Records provided Block Start

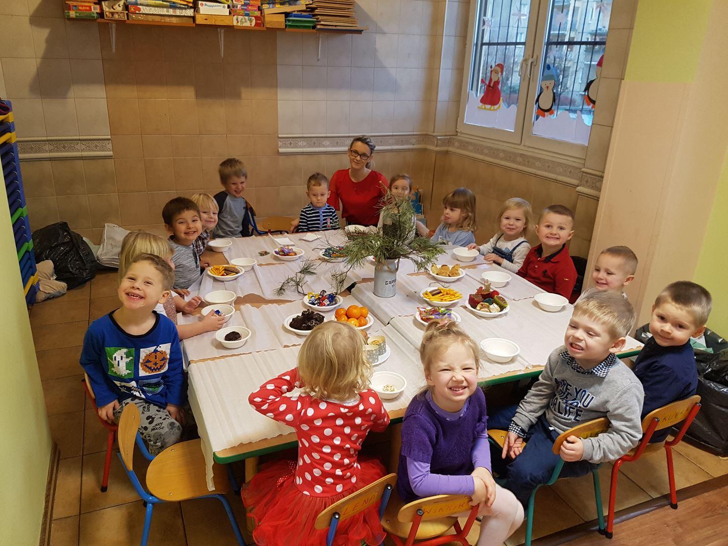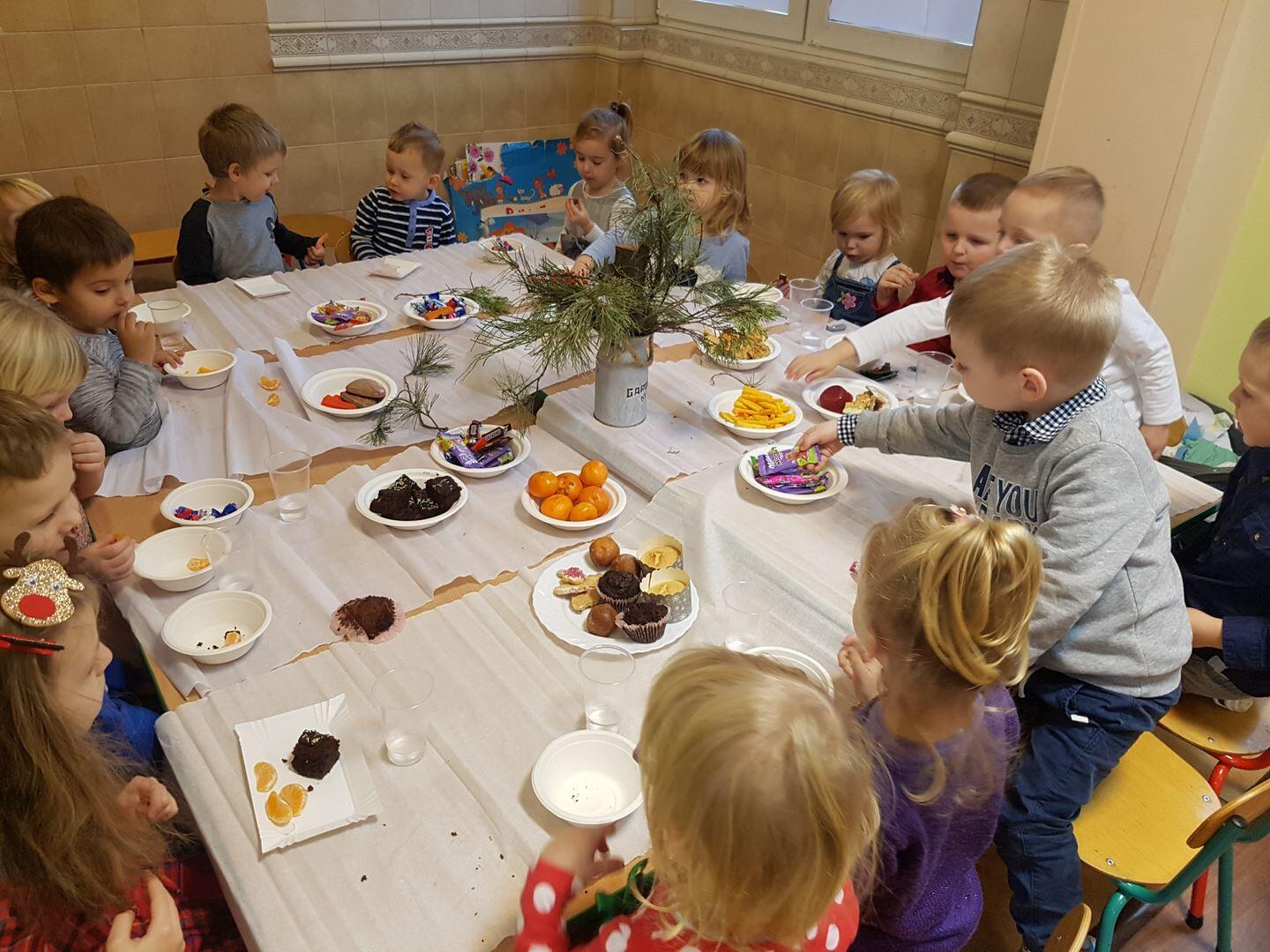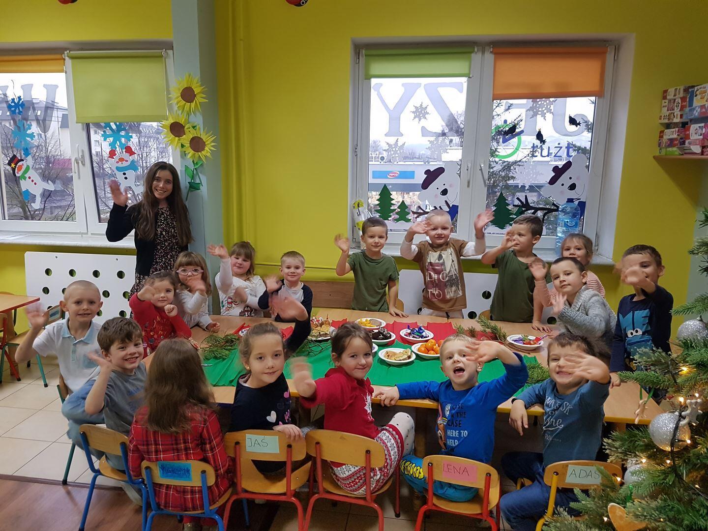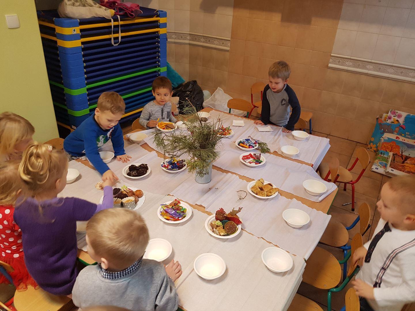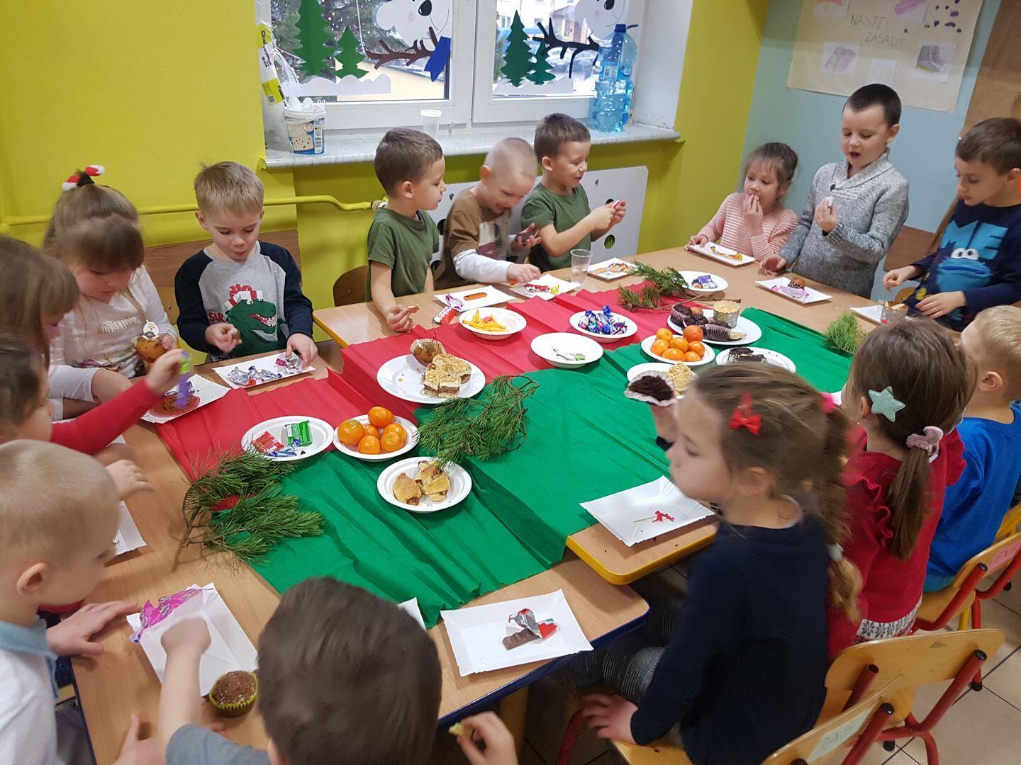 22 grudnia zorganizowaliśmy przedszkolną Wigilię. Wspólnie kolędowaliśmy, Pani przygotowały tematyczne zagadki oraz opowiedziały o tradycjach związanych z Wigilią. Po wszystkim złożyliśmy sobie świąteczne życzenia i wspólnie zasiedliśmy do stołu, gdzie czekał słodki poczęstunek. Poczuliśmy magię świąt.
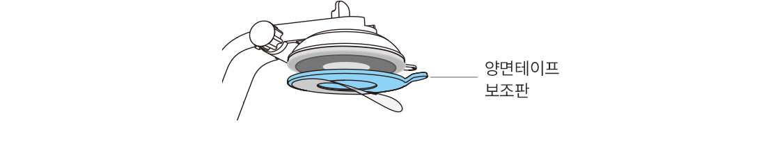• 보조 플레이트를 부착한 경우 양면 테이프에 충분히 접착력이 생길 때 까지 약 2시간동안 제품을 고정하지 마십시오.
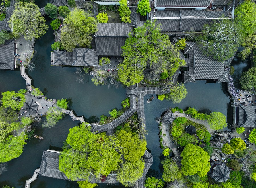 Photo aérienne d'une vue du Jardin de la Politique des Simples, à Suzhou, dans la province chinoise du Jiangsu (est), le 5 avril 2023. Suzhou, une ville avec une histoire de plus de 2.500 ans, est qualifiée de paradis sur terre selon un célèbre adage chinois. (Photo : Li Bo)
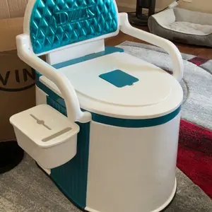 A portable outdoor toilet designed for convenience and comfort. Great for camping, RV trips, road trips, or emergencies, with a built-in toilet paper holder and sturdy design for easy use anywhere. #portabletoilet #campinggear #rvlife #outdooressentials #hannarobinson @Ubesgoo US
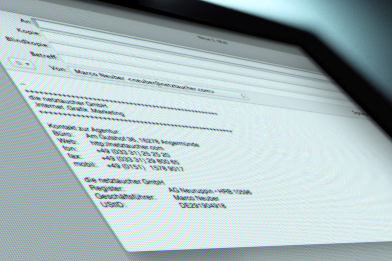 Praktisch jedes eMailprogramm bietet die Möglichkeit diese Pflichtinformationen zu hinterlegen und automatisch anzuhängen. Auch die Möglichkeiten direkt Ihre elektronische Visitenkarte anzuhängen finden Sie dort.

Records provided Block End

Everything in the data above should be set down again exactly, except the pictures.

> **Output of the task**
 22 grudnia zorganizowaliśmy przedszkolną Wigilię. Wspólnie kolędowaliśmy, Pani przygotowały tematyczne zagadki oraz opowiedziały o tradycjach związanych z Wigilią. Po wszystkim złożyliśmy sobie świąteczne życzenia i wspólnie zasiedliśmy do stołu, gdzie czekał słodki poczęstunek. Poczuliśmy magię świąt.
• 보조 플레이트를 부착한 경우 양면 테이프에 충분히 접착력이 생길 때 까지 약 2시간동안 제품을 고정하지 마십시오.
 Photo aérienne d'une vue du Jardin de la Politique des Simples, à Suzhou, dans la province chinoise du Jiangsu (est), le 5 avril 2023. Suzhou, une ville avec une histoire de plus de 2.500 ans, est qualifiée de paradis sur terre selon un célèbre adage chinois. (Photo : Li Bo)
 A portable outdoor toilet designed for convenience and comfort. Great for camping, RV trips, road trips, or emergencies, with a built-in toilet paper holder and sturdy design for easy use anywhere. #portabletoilet #campinggear #rvlife #outdooressentials #hannarobinson @Ubesgoo US
 Praktisch jedes eMailprogramm bietet die Möglichkeit diese Pflichtinformationen zu hinterlegen und automatisch anzuhängen. Auch die Möglichkeiten direkt Ihre elektronische Visitenkarte anzuhängen finden Sie dort.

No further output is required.